Alda Correia, OBEGEF

Quando se normaliza a fraude, perde-se a confiança e todos ficam mais vulneráveis.

Gosto de ver o copo meio cheio. É essa atitude que nos dá ânimo para enfrentar desafios complexos e persistentes, como o combate à fraude nos seguros. Um tema que, há apenas duas décadas, passava despercebido fora das seguradoras e que hoje está presente nos tribunais, nos noticiários e até nas conversas mais informais. Ninguém pode fingir que não existe.

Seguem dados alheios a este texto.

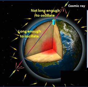 Mais on a mis en évidence un déficit entre le nombre de neutrinos de type muonique détectés provenant des antipodes et les prévisions théoriques, on n'en détecte pas deux fois plus que des types électroniques. Pourquoi?

Durante muito tempo, nem sequer havia uma definição legal clara sobre o que era fraude em seguros. Só em 2009 surgiu um enquadramento oficial, que a descreve como qualquer ato ou omissão intencional, ainda que apenas tentado, destinado a obter uma vantagem ilícita, seja na celebração, seja na execução de um contrato. Mas mais do que palavras na lei, a fraude traduz-se em comportamentos que todos já ouvimos contar: acidentes inventados, danos exagerados, declarações falsas. Pequenos gestos que se tornam custos reais partilhados por todos nós.

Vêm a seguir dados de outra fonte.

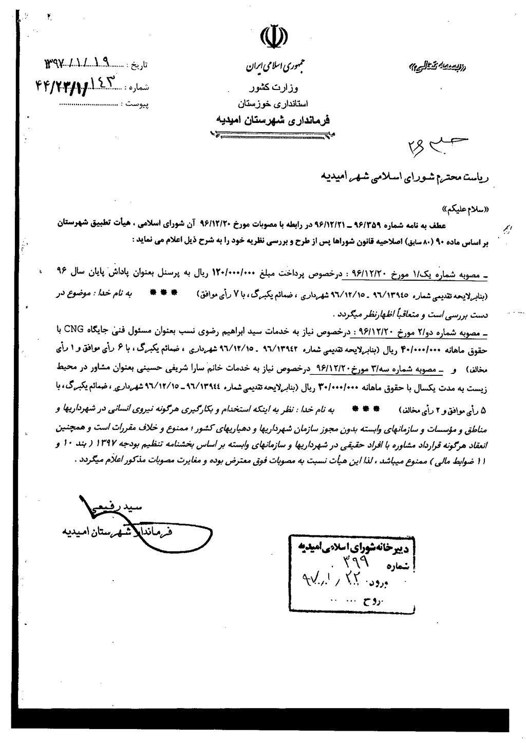نظریه هیأت تطبیق جلسه ۲۶ مورخ ۹۶/۱۲/۲۰ شورای اسلامی شهر امیدیه

Portugal é um país onde o seguro faz parte do dia a dia. O seguro automóvel permite que milhões de pessoas circulem em segurança. Os seguros de acidentes de trabalho garantem que quem sofre um infortúnio tem acesso a tratamento e indemnização. Quando participamos num evento, partimos do princípio de que existe cobertura para os imprevistos. Esta teia de proteção é uma conquista coletiva. Mas só sobrevive se for alimentada pela confiança e pelo cumprimento das regras.

O setor segurador tem investido de forma consistente em tecnologia de deteção, em sistemas de controlo e em iniciativas de sensibilização, como a semana de combate à fraude. São passos essenciais. Para combater eficazmente a fraude, é preciso conhecê-la, estudá-la, quantificá-la. É também necessário dispor de um quadro legal claro e de reguladores vigilantes. Mas nenhuma lei ou algoritmo substituirá o que é mais decisivo: uma cultura de responsabilização que começa em cada cidadão.

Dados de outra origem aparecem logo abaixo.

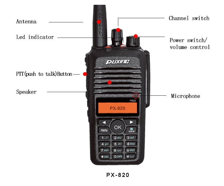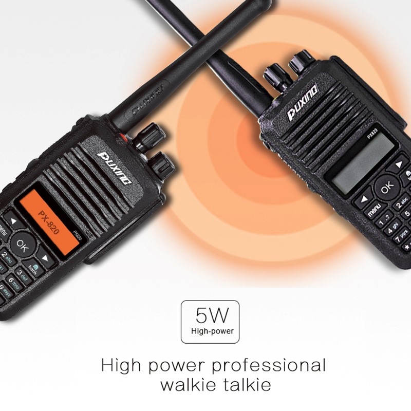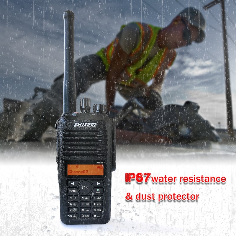 PX-820 adds screen and keyboard on the basis of PX-800, has more functions. The radio has IP67 professional IP67 dustproof and waterproof grade, superior protective performance ensures communication even in harsh climates or complex environments, The radio covers two communication modes: digital and analog, to achieve transition from digital to analog. The basic voice encryption function protects users' calls. PX-820 provids standard signaling call modes: individual call, group call, all call, and emergency call.

A fraude não é um problema técnico isolado. É uma manifestação cultural de tolerância ao abuso, semelhante àquela que alimenta outras formas de corrupção. Quando alguém normaliza estas práticas, está a fragilizar todo o sistema, a transferir custos para os restantes segurados e a comprometer a capacidade das seguradoras de cumprirem a sua missão: proteger pessoas, famílias e empresas.

Desenvolver uma cultura antifraude é reconhecer que a integridade conta, mesmo quando ninguém está a olhar. É recusar participar em esquemas que prometem facilitar processos ou aumentar compensações indevidas. É denunciar práticas irregulares e promover a clareza na relação com as seguradoras.

O combate à fraude nos seguros não pertence só às empresas, aos supervisores ou aos tribunais. É uma responsabilidade partilhada por todos nós. Porque o sistema segurador vive do contributo de cada cidadão e existe para servir a sociedade como um todo. E é nessa consciência coletiva que reside a força para continuarmos a enchê-lo, dia após dia.